Segment Start: TASK INPUTS

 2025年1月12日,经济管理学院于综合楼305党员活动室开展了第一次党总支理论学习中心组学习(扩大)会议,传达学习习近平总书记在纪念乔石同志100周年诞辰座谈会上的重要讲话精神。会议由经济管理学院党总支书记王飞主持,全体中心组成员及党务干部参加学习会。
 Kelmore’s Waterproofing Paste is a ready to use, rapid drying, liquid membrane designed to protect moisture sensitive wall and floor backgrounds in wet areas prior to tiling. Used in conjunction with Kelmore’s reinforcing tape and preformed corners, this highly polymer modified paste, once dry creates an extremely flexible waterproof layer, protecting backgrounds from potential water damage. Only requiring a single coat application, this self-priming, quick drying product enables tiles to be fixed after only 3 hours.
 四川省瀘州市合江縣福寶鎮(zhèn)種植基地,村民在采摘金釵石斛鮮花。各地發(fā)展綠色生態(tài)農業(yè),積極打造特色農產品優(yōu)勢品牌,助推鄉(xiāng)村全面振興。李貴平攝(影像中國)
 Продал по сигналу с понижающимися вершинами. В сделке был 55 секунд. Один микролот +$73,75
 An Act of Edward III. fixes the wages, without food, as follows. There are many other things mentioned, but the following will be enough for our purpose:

Segment End: TASK INPUTS
Segment Start: TASK INPUTS

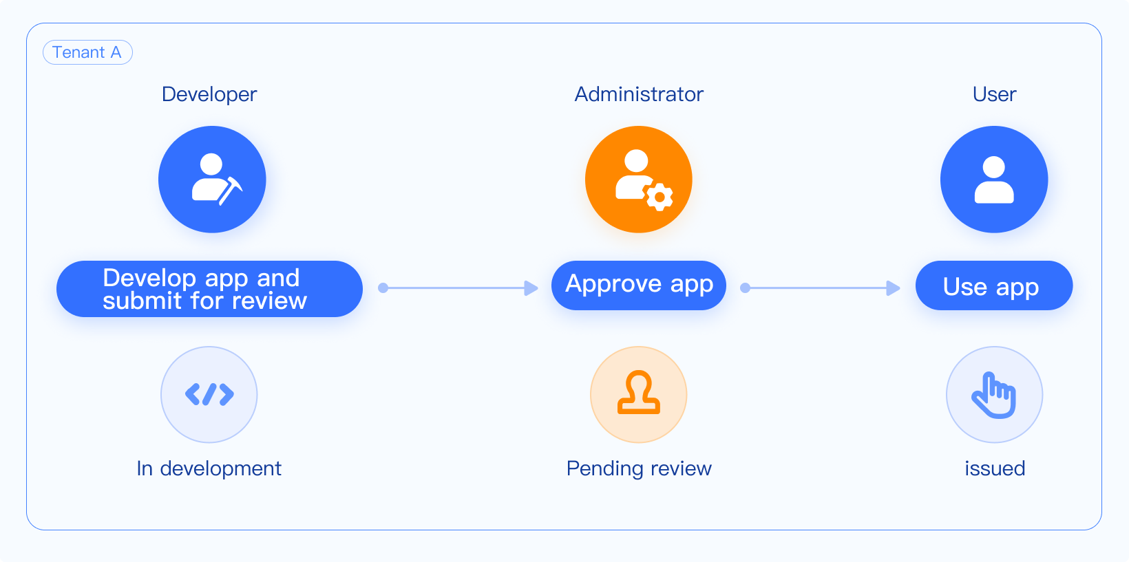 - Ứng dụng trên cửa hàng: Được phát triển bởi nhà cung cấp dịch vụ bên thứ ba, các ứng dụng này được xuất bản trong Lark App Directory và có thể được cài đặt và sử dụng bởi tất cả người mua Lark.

Segment End: TASK INPUTS
Segment Start: TASK INPUTS

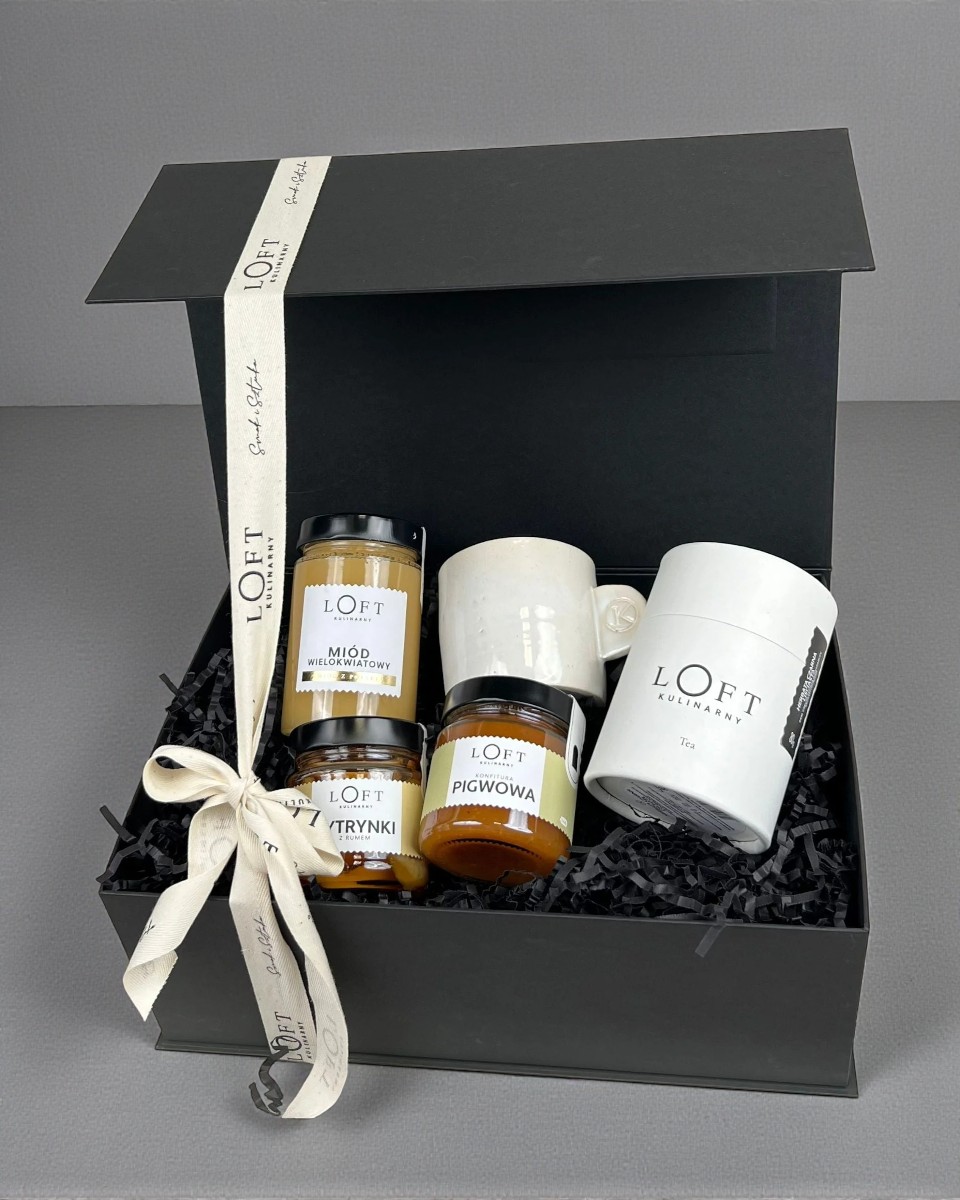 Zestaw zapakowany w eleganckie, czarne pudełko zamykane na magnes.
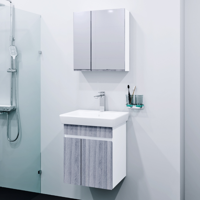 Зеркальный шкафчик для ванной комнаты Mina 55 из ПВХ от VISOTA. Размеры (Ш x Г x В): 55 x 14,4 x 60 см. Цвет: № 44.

Segment End: TASK INPUTS

-- YOUR INSTRUCTIONS --
What do the entries above read from the line containing "Zestaw zapakowany w" through the line containing "Зеркальный шкафчик для"? Output those lines exactly, both ends included, with the pictures left out.

-- WRITTEN RESPONSE --
 Zestaw zapakowany w eleganckie, czarne pudełko zamykane na magnes.
 Зеркальный шкафчик для ванной комнаты Mina 55 из ПВХ от VISOTA. Размеры (Ш x Г x В): 55 x 14,4 x 60 см. Цвет: № 44.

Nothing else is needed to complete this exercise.